However, through the Naval Sea Systems Command's (NAVSEA's) Cumbersome Work Practices (CWP) process, a solution has been developed that will save numerous man-hours of labor, save the fleet over $620,000, and allow for a watertight/airtight closure of the deck drains in the event of a CBR attack.

Commander, NAVSEA Warfare Center, Carderock Division (NWC-Carderock ) recently issued an authorization letter, which allows Sailors the ability to install retainer ring type 3-20 (RRR 3-20) on all deck drains aboard all surface platforms and non-nuclear carriers.

"The deck drain retainer ring is a success story for CWP," said Mark Browder, CWP program manager. "This is just one example of how the CWP process can reduce significant costs and, equally as important, time spent by Sailors for repairs, without compromising technical requirements."

Supervisor of Shipbuilding, Conversion & Repair (SUPSHIP) Portsmouth, Va. introduced the deck drain retainer ring to the fleet after identifying problems with existing deck drains, and found the existing deck drain body retaining tabs were breaking and fastener holes were becoming stripped, preventing a watertight/airtight closure of the deck drain. Since the setting of condition Zebra aboard a ship requires watertight/airtight deck drains, this deficiency posed a potential CBR safety issue.

In addition, the SUPSHIP agreed that replacing a damaged deck drain was not only labor intensive, but costly, with the replacement cost per drain averaging $4,500. The cost of installing the RRR 3-20 retainer ring is $216 per drain.

"This is a very non-traditional type of repair," explained Domenic Luciani, NWC-Carderock's Ship System Engineering Center Seawater, Fuel, Lube Oil and Piping Systems section head. "What we are allowing the fleet to do is to utilize this ring to patch up the deck drain, which gives them a safe, effective and much less expensive way to make a fix. With this approval, we hope to give the fleet a little relief."

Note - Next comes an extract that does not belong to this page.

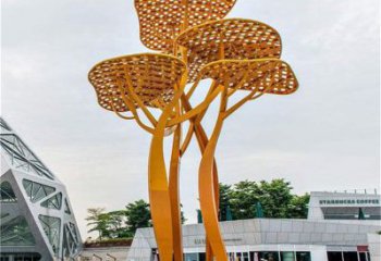 大型不銹鋼鏤空蘑菇雕塑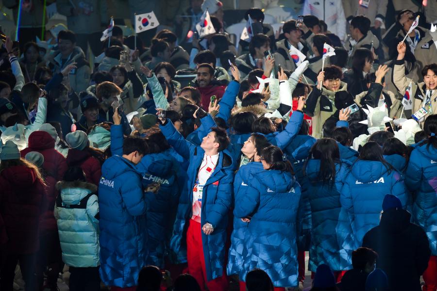 Athletes paraded into the venue in alphabetical order of their national or regional names in the Korean language, with China's national flag carried by ice hockey player Zhang Jingyue.

Cumbersome Work Practices, which falls under Fleet Naval Engineering Group and Maintenance Process Improvement (SEA 05N), seeks to simplify non-nuclear cumbersome work practices, focus on ship maintenance and modernization, reduce costs without compromising valid technical requirements, complete institutionalization of approved technical changes and ensure that all the information was passed to all NAVSEA Activities.

The CWP scope has recently been increased to include work practices on new construction ship and craft, and work in private shipyards.